**TASK BRIEF:** Copy each line of the records exactly, stopping only after the line that contains "Рабочее тело находится" has been written, and leave pictures out.

######

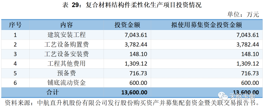 復(fù)合材料結(jié)構(gòu)件柔性化生產(chǎn)項(xiàng)目主要圍繞某型直升機(jī)復(fù)合材料結(jié)構(gòu)件研制及批產(chǎn)任務(wù)要求,重點(diǎn)補(bǔ)充復(fù)合材料鋪貼、復(fù)合材料熱加工、復(fù)合材料打磨、復(fù)合材料機(jī)械加工等相關(guān)條件。通過本募投項(xiàng)目建設(shè),將進(jìn)一步夯實(shí)直升機(jī)復(fù)材結(jié)構(gòu)件核心關(guān)鍵制造技術(shù),切實(shí)提升復(fù)材結(jié)構(gòu)件研制生產(chǎn)能力,滿足各型直升機(jī)復(fù)材結(jié)構(gòu)件成套批量交付需求,滿足某型直升機(jī)復(fù)材機(jī)身結(jié)構(gòu)研制任務(wù)需要。項(xiàng)目總投資金額為13,600.00萬元,擬使用募集資金金額為13,600.00萬元,具體情況如下:
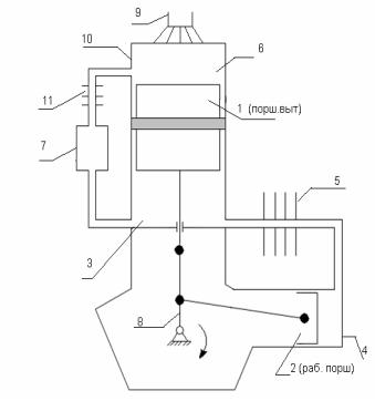 Рабочее тело находится в полости А между верхним рабочим поршнем и головкой цилиндра и в полости Б между поршнями, а в процессе перемещения поршней оно проходит холодильник 3, регенератор 4 и теплообменник-нагреватель 6, где воспринимает теплоту продуктов сгорания топлива, подаваемого в зону горения форсункой 5. Отходящие газы 8 подогревают воздух, подводимый по каналу 7 к горелке.
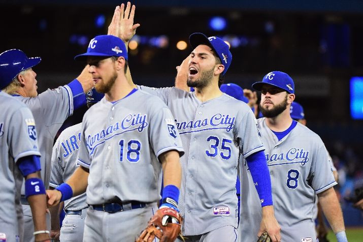 TORONTO, ON - OCTOBER 20: Eric Hosmer #35 of the Kansas City Royals reacts to a 14-2 win over the Toronto Blue Jays with Ben Zobrist #18 and Mike Moustakas #8 during game four of the American League Championship Series at Rogers Centre on October 20, 2015 in Toronto, Canada. (Photo by Harry How/Getty Images)
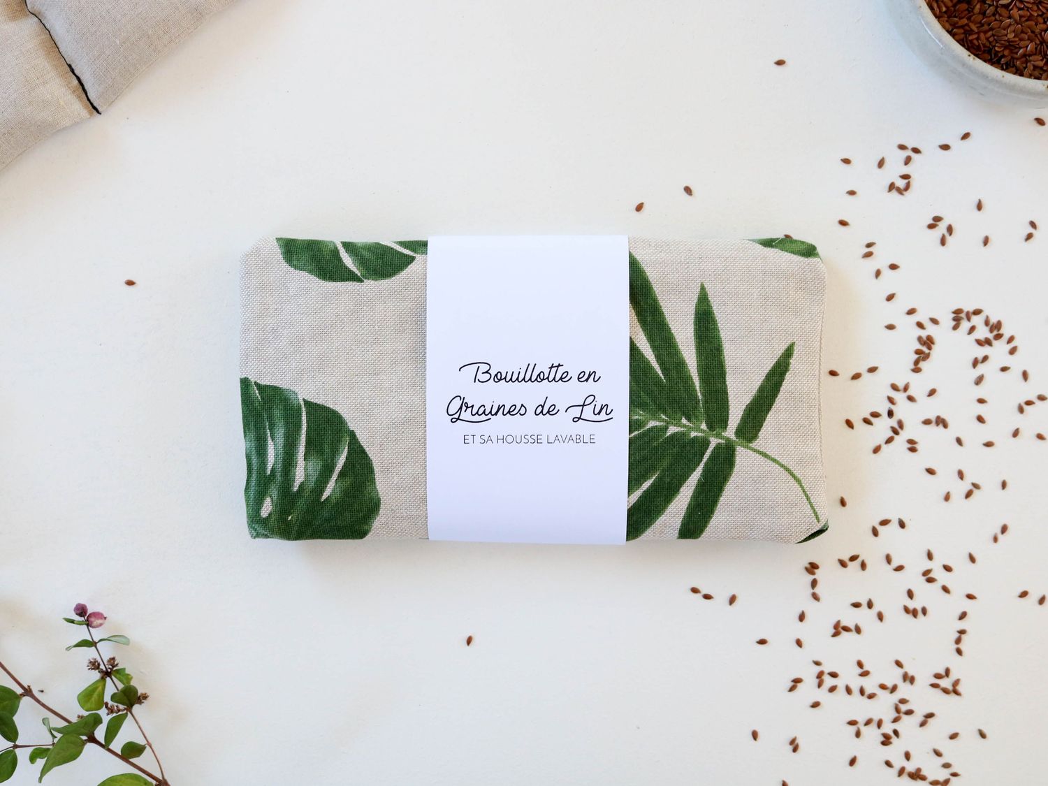 Niveau packaging, je m’efforce d’être de plus en plus dans l’emballage minimaliste plutôt que le suremballage. Maintenant, lorsque vous déballez votre bouillotte vous avez le bandeau (avec les précautions d’emploi au dos), la carte postale de conseils d’utilisation et aussi le petit lien en lin (compostable).
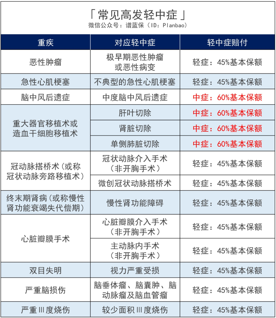 中症:20种,赔2次,每次赔付60%基本保额; 轻症:50种,赔3次,每次赔付45%基本保额;
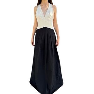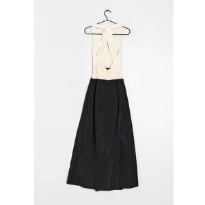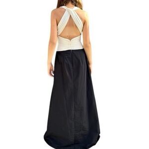 BCBGMaxAzria Halter Neck Gown in Pleated Cream Crepe Over Black Taffeta sz2 US
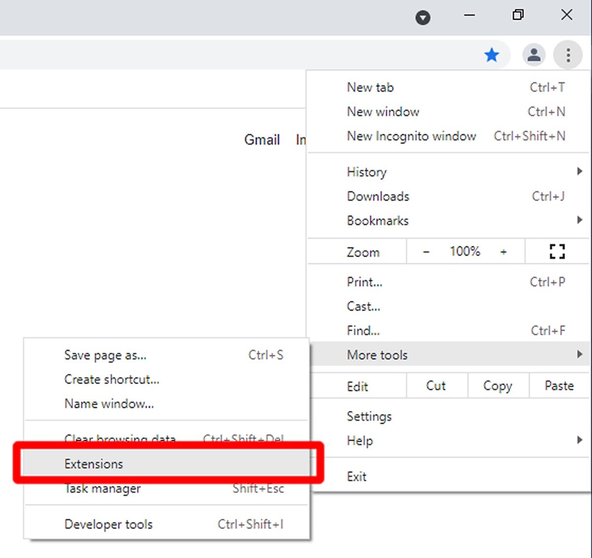 При наведении курсора на «Дополнительные инструменты» слева отобразится больше меню, нажмите «Расширения».
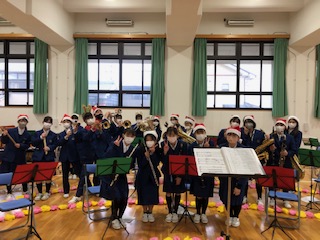 休日にも関わらず、大変多くの皆様に来場していただき感謝しています。1・2年の新体制になってから初めて練習した7曲を心を込めて演奏しました。少しでも温かい気持ちになっていただき、良い年を迎えていただけたら嬉しいです。これからも発表できる機会がつくれるように練習に励みますので応援よろしくお願いします。

######

**REPLY TO THE EXERCISE:**
 復(fù)合材料結(jié)構(gòu)件柔性化生產(chǎn)項(xiàng)目主要圍繞某型直升機(jī)復(fù)合材料結(jié)構(gòu)件研制及批產(chǎn)任務(wù)要求,重點(diǎn)補(bǔ)充復(fù)合材料鋪貼、復(fù)合材料熱加工、復(fù)合材料打磨、復(fù)合材料機(jī)械加工等相關(guān)條件。通過本募投項(xiàng)目建設(shè),將進(jìn)一步夯實(shí)直升機(jī)復(fù)材結(jié)構(gòu)件核心關(guān)鍵制造技術(shù),切實(shí)提升復(fù)材結(jié)構(gòu)件研制生產(chǎn)能力,滿足各型直升機(jī)復(fù)材結(jié)構(gòu)件成套批量交付需求,滿足某型直升機(jī)復(fù)材機(jī)身結(jié)構(gòu)研制任務(wù)需要。項(xiàng)目總投資金額為13,600.00萬元,擬使用募集資金金額為13,600.00萬元,具體情況如下:
 Рабочее тело находится в полости А между верхним рабочим поршнем и головкой цилиндра и в полости Б между поршнями, а в процессе перемещения поршней оно проходит холодильник 3, регенератор 4 и теплообменник-нагреватель 6, где воспринимает теплоту продуктов сгорания топлива, подаваемого в зону горения форсункой 5. Отходящие газы 8 подогревают воздух, подводимый по каналу 7 к горелке.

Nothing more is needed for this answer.